The alliance is committed to providing industry-leading patient access and reimbursement support through its CoverOne(TM) program in the United States. This program provides a spectrum of patient access and reimbursement support services intended to help patients receive appropriate access to BAVENCIO in the United States.
About Urothelial Carcinoma Cohorts in JAVELIN Solid Tumor Trial
The efficacy and safety of BAVENCIO was demonstrated in the urothelial carcinoma cohorts of the JAVELIN Solid Tumor trial, a Phase I, open-label, single-arm, multicenter study that included 242 patients with locally advanced or metastatic urothelial carcinoma with disease progression on or after platinum-containing chemotherapy or who had disease progression within 12 months of treatment with a platinum-containing neoadjuvant or adjuvant chemotherapy regimen who were treated with BAVENCIO.
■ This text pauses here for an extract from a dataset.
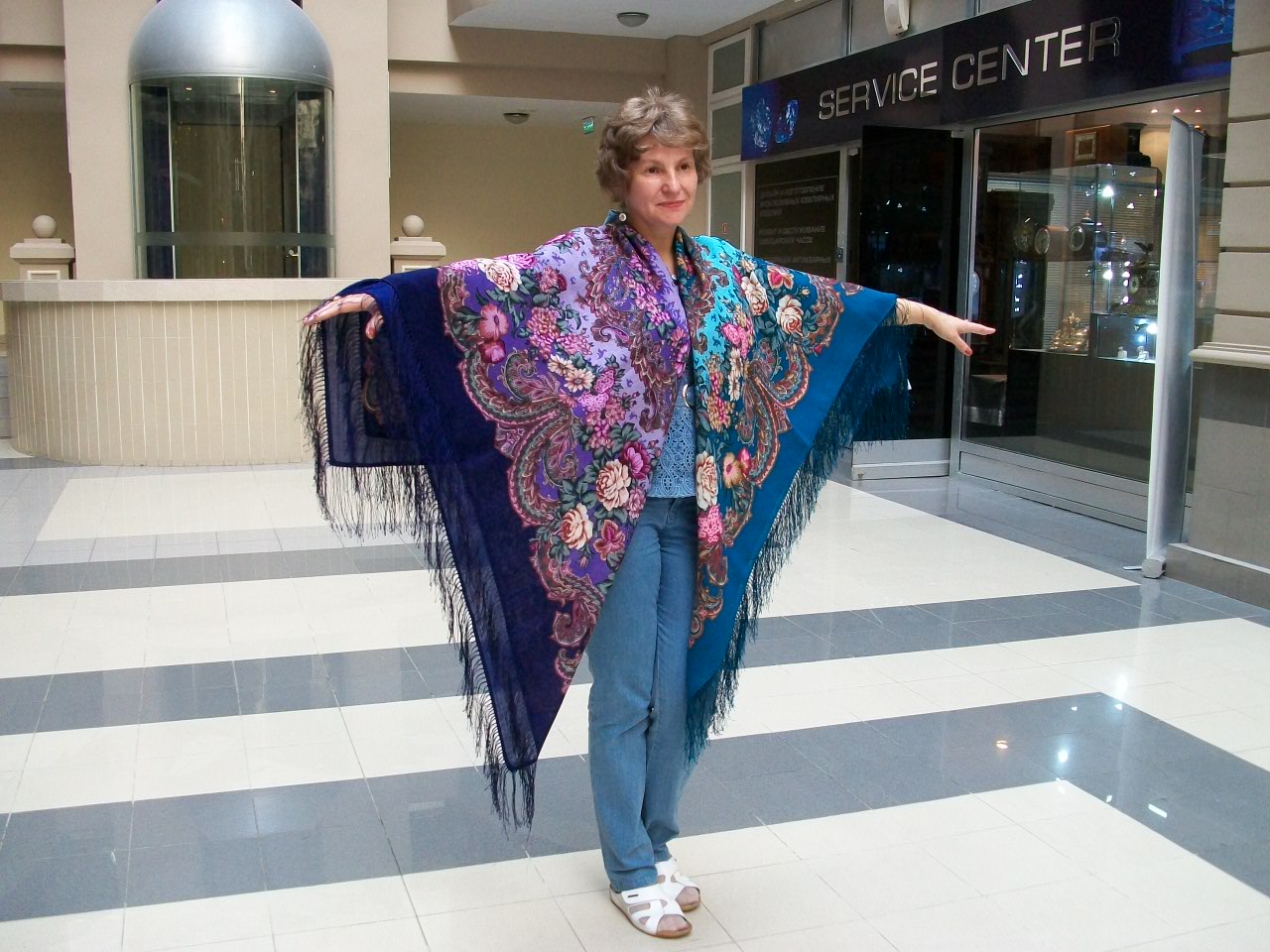 Ева, жаль что мало показываетесь, очень красивое сочетание платья и платка!

Patients with active or a history of central nervous system metastasis; other malignancies within the last five years; an organ transplant; conditions requiring therapeutic immune suppression; or active infection with HIV, hepatitis B or C were excluded. Patients with autoimmune disease, other than type 1 diabetes, vitiligo, psoriasis, or thyroid disease that did not require immunosuppressive treatment, were excluded. Patients were included regardless of their PD-L1 status. Patients received BAVENCIO at a dose of 10 mg/kg intravenously over 60 minutes every two weeks until disease progression or unacceptable toxicity. Tumor response assessments were performed every six weeks, as assessed by an Independent Endpoint Review Committee (IERC) using Response Evaluation Criteria in Solid Tumors (RECIST) v1.1. Efficacy outcome measures included confirmed overall response rate (ORR) and duration of response (DOR). Efficacy measures were evaluated in patients who were followed for a minimum of both 13 weeks and 6 months at the time of data cut-off.
Out of the total 226 patients evaluable for efficacy, 44% had non-bladder urothelial carcinoma, including 23% of patients with upper tract disease; 83% of patients had visceral metastases; 34% of patients had liver metastases. Nine patients (4%) had disease progression following prior platinum-containing neoadjuvant or adjuvant therapy only. Forty-seven percent of patients only received prior cisplatin-based regimens, 32% received only prior carboplatin-based regimens, and 20% received both cisplatin and carboplatin-based regimens.
The international clinical development program for avelumab, known as JAVELIN, involves more than 30 clinical programs, including nine Phase III trials, and more than 5,200 patients across more than 15 tumor types.